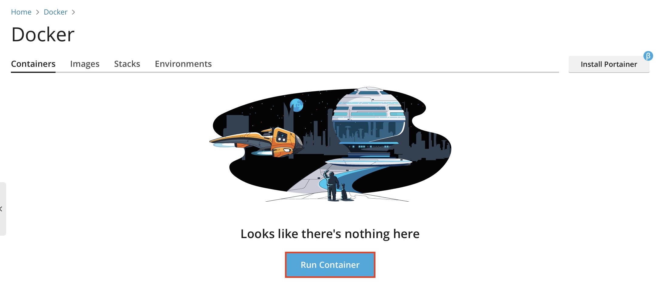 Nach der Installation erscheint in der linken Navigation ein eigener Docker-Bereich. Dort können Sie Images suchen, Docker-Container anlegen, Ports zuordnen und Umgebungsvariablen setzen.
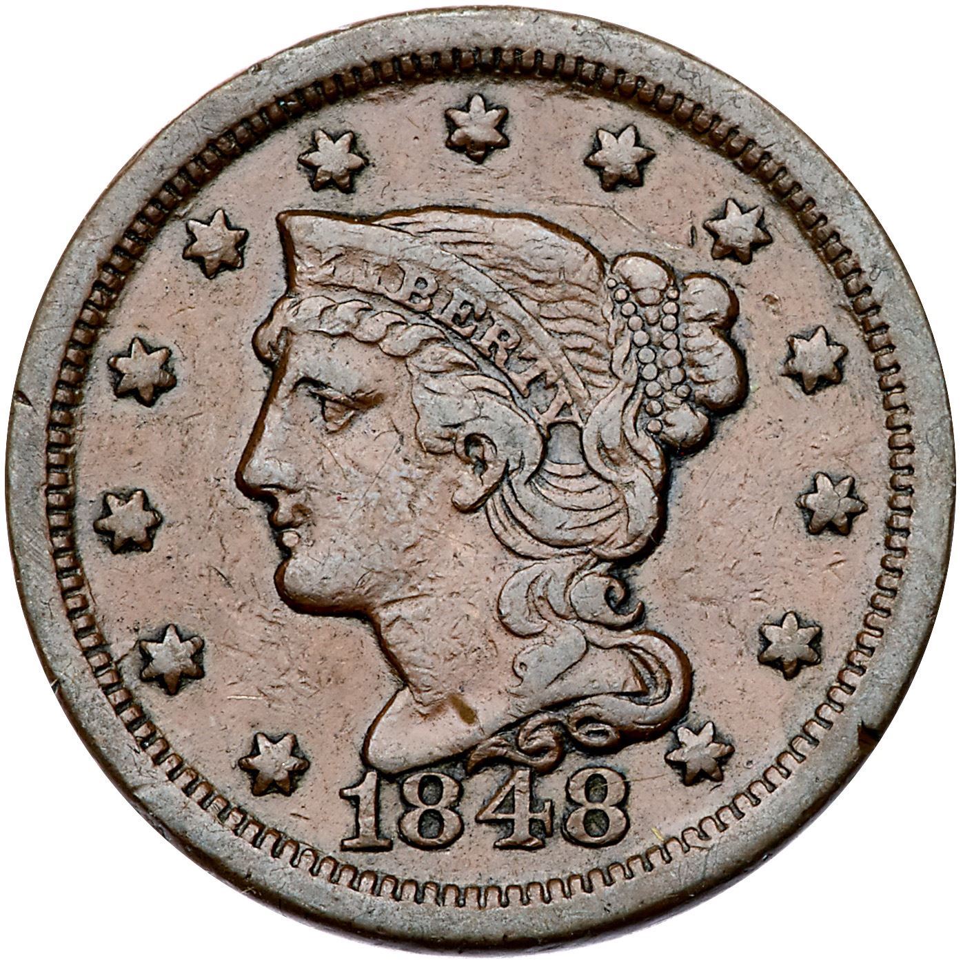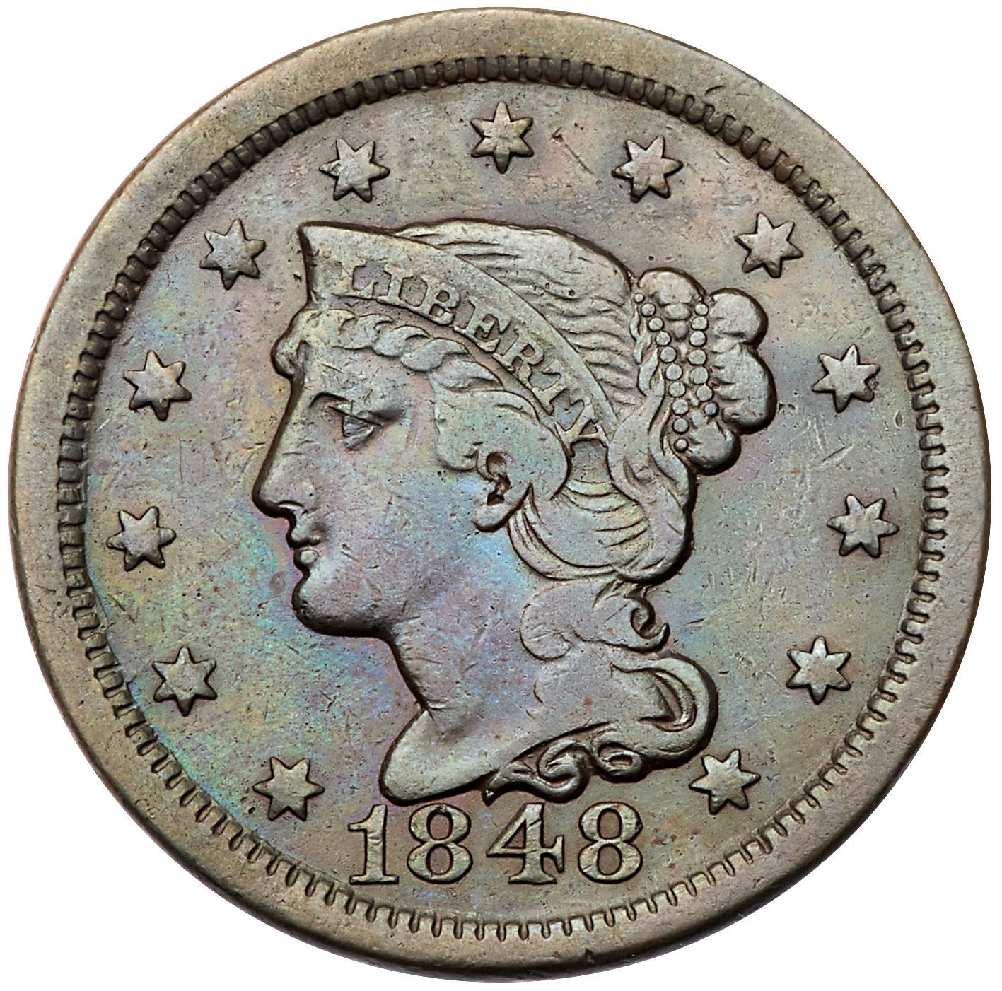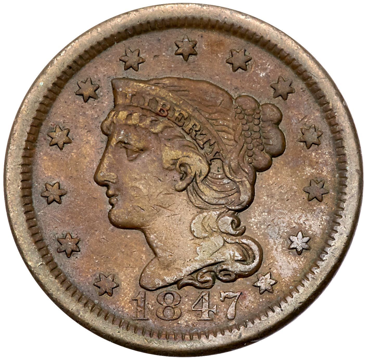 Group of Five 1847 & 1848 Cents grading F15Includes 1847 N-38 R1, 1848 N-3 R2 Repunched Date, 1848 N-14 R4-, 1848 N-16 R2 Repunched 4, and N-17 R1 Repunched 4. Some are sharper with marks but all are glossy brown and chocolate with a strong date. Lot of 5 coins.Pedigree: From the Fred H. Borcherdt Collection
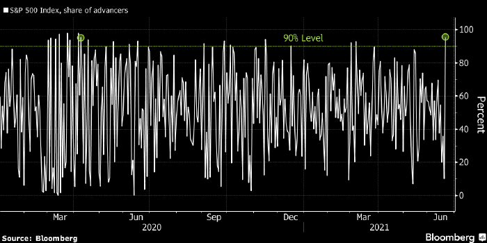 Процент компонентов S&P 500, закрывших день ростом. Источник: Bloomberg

• _Assignment_
Return the lines exactly, from the one containing "Group of Five" through the last line above, including both ends and excluding every picture.

• _Solution to the exercise_
 Group of Five 1847 & 1848 Cents grading F15Includes 1847 N-38 R1, 1848 N-3 R2 Repunched Date, 1848 N-14 R4-, 1848 N-16 R2 Repunched 4, and N-17 R1 Repunched 4. Some are sharper with marks but all are glossy brown and chocolate with a strong date. Lot of 5 coins.Pedigree: From the Fred H. Borcherdt Collection
 Процент компонентов S&P 500, закрывших день ростом. Источник: Bloomberg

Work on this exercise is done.